If the commission is correct and its plan would generate billions more in tax, then much of this revenue needs to be recycled, at least in the early years, back to the likes of Malta, Cyprus and Ireland.
These countries need a carrot and not just a stick, because beating them up with arguments about fairness isn’t working.
Strikes and fare rises herald the start of a turbulent period for rail
If nothing else, rail unions may have focused busy commuters’ minds on Christmas Day: that’s the next time the hundreds of thousands of people who rely on South Western Railway can expect a normal timetable. And, of course, no trains run on that day.
From Monday, another excruciating chapter opens in that most opaque of industrial disputes spreading around Britain’s railways: the row over the role and responsibilities of guards on trains, and whether their jobs and status will really be preserved. Now the dispute with the RMT union is entering a full month of strikes on a vital commuter network that runs into London Waterloo.
Sympathy for unions is likely to be in short supply among those squeezing on to an even more crowded rush-hour train – if available – heading through the blue belt of Tory shires.
Rail workers are generally well remunerated – thanks in no small part to the efforts of the unions. The RMT is vigilant in guarding its flank against any incursions: in this case the implications of driver-only operation. However sincere the words of train operators may be in promising a future for their guards, the broader context is a rail industry desperately seeking cost savings.
As confirmation of January fare rises landed on Saturday, again zooming merrily ahead of inflation, the bottom line hove firmly back into view – not just for train operators, but punters footing the bill. Season ticket sales on South Western have plummeted – testament to changing working habits, but perhaps also to increased public reluctance to commit to a daily ride on a network which does not repay that trust.

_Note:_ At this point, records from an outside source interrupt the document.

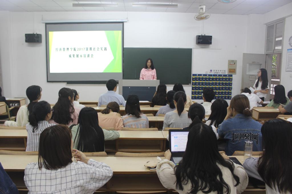 9月21日下午,为展示暑期社会实践成果,引导学生践行社会主义核心价值观,bet28365 365在衣锦教104开展2017暑期社会实践成果展示会。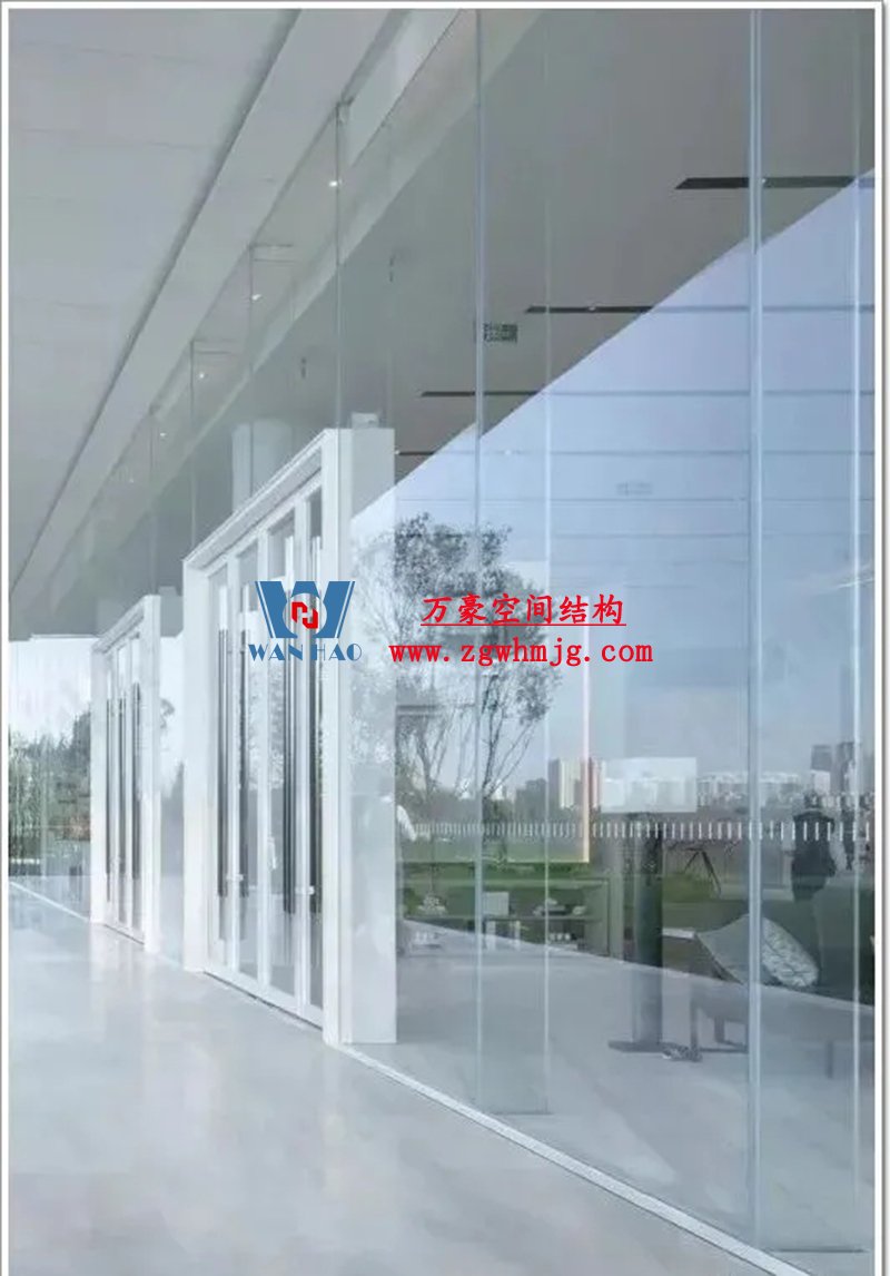 全玻璃幕墻的美觀性和整體性最高,是通過玻璃肋作為支承結(jié)構(gòu),實現(xiàn)全立面玻璃結(jié)構(gòu)。相比于明框、隱框,全玻璃的價格高一些,在1200元/㎡。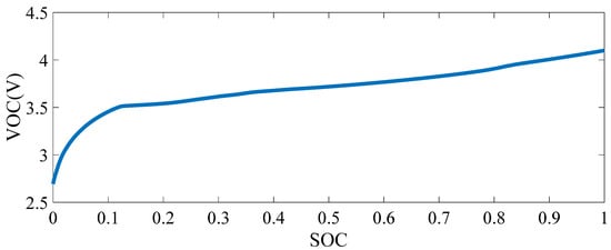 We can fit the OCV–SOC relationship by using the OCV–SOC test, and the test results are shown in Table 1 [].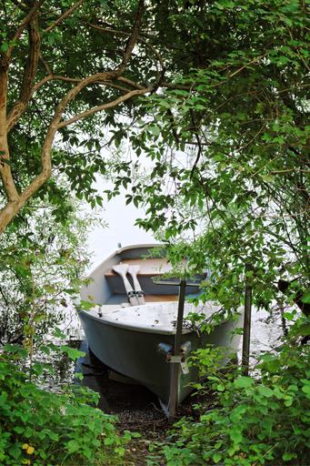 Keywords: rowing boat trees green water lake boot nature bank mood idyll waters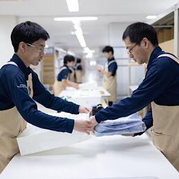 障がい者スタッフを含むチームみんなで一緒に、制服の仕分・梱包・発送業務を行います。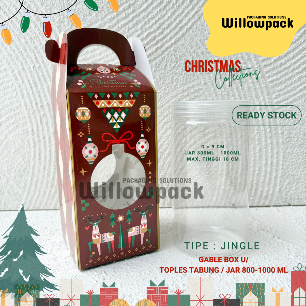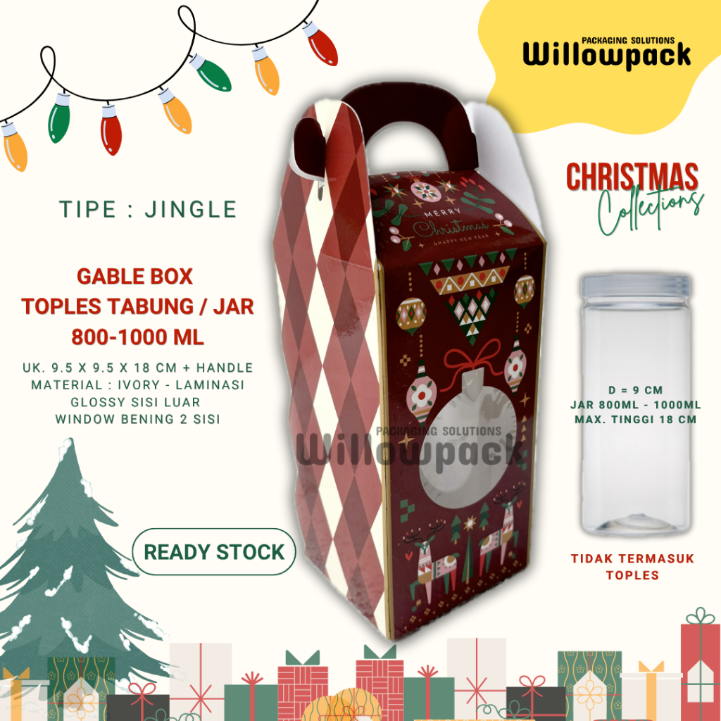 Dus Natal Toples Tabung Isi 1 800Ml 1000Ml 600 Ml Gable Box Christmas Premium Hampers Kue Kering

The bitter words suggests this latest battle may not be resolved soon. But it is difficult to see how the RMT can win the war by demanding that nothing change in a world where everything else is rapidly doing so.
Mini-bonds can mean maxi losses. The FCA must get tough
Financial regulators are often criticised for closing doors long after investors’ money has bolted. But in the case of the ban on mini-bond sales imposed by the Financial Conduct Authority last week, it really is a case of too little, too late.
It is now eight months since it emerged that more than 11,000 investors might have lost up to 80% of their money in a £236m bond failure at London Capital & Finance. Since then more mini-bonds have been sold to a gullible public, and more money will be lost.
The problem is that mini-bonds are too damn seductive. Promotional literature for these products is littered with phrases such as “Isa-able” and “guaranteed”, giving the impression that the money is safe, and that if it can go into an Isa, it must have the stamp of approval from the government.
No such approval exists, and there is no financial compensation scheme to pick up the pieces when these highly speculative investments collapse, which they do with unnerving frequency.
As long ago as September 2015, the Observer’s sister paper, the Guardian, warned its readers: “If you see something promoted as a ‘mini-bond’, bin it!”. It was evident even then that the overenthusiastic promises and, in some cases, bogus “security” guarantees were ensnaring small investors and leading to hefty losses.
Even today the “ban” is not quite as it seems. The FCA, despite facing a serious rebuke from an independent investigator for its handling of LC&F, has been excessively timid in its response. Each mini-bond will be assessed on a case-by-case basis. The outright ban will apply only to more complex mini-bonds (those investing in properties or other companies), and not to bonds used to raise money for the investment company’s own activities.
The inevitable result is that mini-bonds will continue to offer unlikely interest rates – and to appear at the top of internet searches for high returns on savings.